Here we’re in a domain
where the underlying definition is simple and rock solid;
where there are no “random oracles” to worry about;
and where the underlying cryptographic assumptions are completely standard.
Are there competing integrated authenticated-encryption proposals?
There are, although none are as refined as OCB.
See the Krovetz-Rogaway paper
The software performance of authenticated-encryption modes
for a chart pointing to a number of AE schemes. Going back to the original
integrated (aka, one-pass) schemes from Jutla and
from Gligor-Donescu:
There are various pitfalls people run into when trying to do a homebrewed combination of privacy and authenticity. Common errors include: (1) a failure to properly perform key separation; (2) a failure to use a MAC that is secure across different message lengths; (3) omitting the IV from what is MACed; (4) encrypting the MACed plaintext as opposed to the superior method (at least with respect to general assumptions) of MACing the computed ciphertext. For all of these, I cannot advise people to roll-their-own authenticated-encryption scheme. Even standards get things wrong.
A Eurocrypt 2014 paper by Namprempre, Shrimpton, and me reexamines the generic-composition approach and what has been understood of it. It turns out that even standards (like the ISO standard mentioned above) do not get things rights. The problem, in part, is that the theory literature’s early starting points and constructive goals do not match up with standardized starting points and the conventional AEAD goal.

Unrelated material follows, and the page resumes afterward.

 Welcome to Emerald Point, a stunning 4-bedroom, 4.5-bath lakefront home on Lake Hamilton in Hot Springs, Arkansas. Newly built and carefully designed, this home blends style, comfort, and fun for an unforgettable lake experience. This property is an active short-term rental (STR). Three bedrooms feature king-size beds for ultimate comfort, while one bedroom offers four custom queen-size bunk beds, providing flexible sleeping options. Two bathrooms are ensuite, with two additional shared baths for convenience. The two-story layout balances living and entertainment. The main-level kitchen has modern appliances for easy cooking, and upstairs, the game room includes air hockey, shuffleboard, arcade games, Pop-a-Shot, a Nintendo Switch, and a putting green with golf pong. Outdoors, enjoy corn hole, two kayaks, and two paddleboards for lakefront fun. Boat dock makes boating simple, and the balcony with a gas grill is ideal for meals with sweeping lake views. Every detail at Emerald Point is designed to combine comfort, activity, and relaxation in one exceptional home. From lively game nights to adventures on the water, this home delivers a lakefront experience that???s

To date, the most significant composed authenticated encryptions schemes are CCM and GCM. Some other techniques include SIV and EAX. All of these modes comprise IP-free means of performing authenticated-encryption with associated-data.

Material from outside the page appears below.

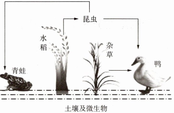 3. 下页图为某学校一个生物兴趣小组的同学,通过对一个稻田生态系统的观察,发现稻田里主要的生物有:水稻、昆虫、青蛙、鸭等。他们根据其营养关系,绘制出该稻田生态系统示意图。请结合所学知识回答问题。

We also elaborate on SIV, a deterministic or misuse-resistant authenticated-encryption mode. It was designed by Rogaway and Shrimpton to solve the “key wrap” problem. When used as a nonce-based AEAD scheme, SIV has the unusual property that it doesn’t “break” if a nonce should get reused: all that happens is that repetitions of this exact (nonce, AD, plaintext) are revealed. The mode can also be used without any nonce and, when used as such, all it reveals are repetitions in (nonce, AD, plaintext) pairs. SIV suffers from a latency problem (unavoidable for the deterministic or misuse-resistant AEAD goal): one must not only make two passes over the input, but one cannot output any ciphertext bits until all plaintexts bits are read. SIV is described in a Eurocrypt 2006 paper and an associated spec, RFC 5297, by Dan Harkins.
The main advantage of OCB over CCM, GCM, and other composed schemes is software
speed. See the performance page
for data.
Is OCB patented?
It was; I had patents
7,046,802,
7,200,227,
7,949,129, and
8,321,675.
But I intentionally allowed all of my patents to lapse.
I placed all OCB-related IP that I owned in the public domain.
You don’t need to get any sort of permission from me, or pay me anything, to use OCB.
There were further patents in the AE space, including those of
Jutla (IBM)— 6,963,976,
7,093,126, and
8,107,620—and of
Gligor and Donescu (VDG)—6,973,187.
I have never known if the claims of these patents read against OCB.
It is difficult to answer such a question, and I was never in a position to say.
Hopefully all authenticated-encryption IP is invalid,
has expired by now, or was never relevant to using OCB.
Do I need a license?
No. See the question above.
Who is the author of this webpage?
I am, Phillip Rogaway, a professor in the Department of Computer Science at the University of California, Davis. I have also been a regular visitor to universities in Thailand, most often at the Department of Computer Science at Chiang Mai University.
For 20 years I’ve worked to develop and popularize a style of cryptography I call practice-oriented provable security. This framework is a perfect fit to the problem of designing an authenticated-encryption scheme. One of the “outputs” of practice-oriented provable security has been cryptographic schemes that are well-suited standards. In particular, I am co-inventor on the schemes known as CMAC, DHIES, EAX, OAEP, PSS, and XTS, which are in standards from ANSI, IEEE, ISO, and NIST. The kind of academic work I do can be seen by looking at dblp or google Scholar.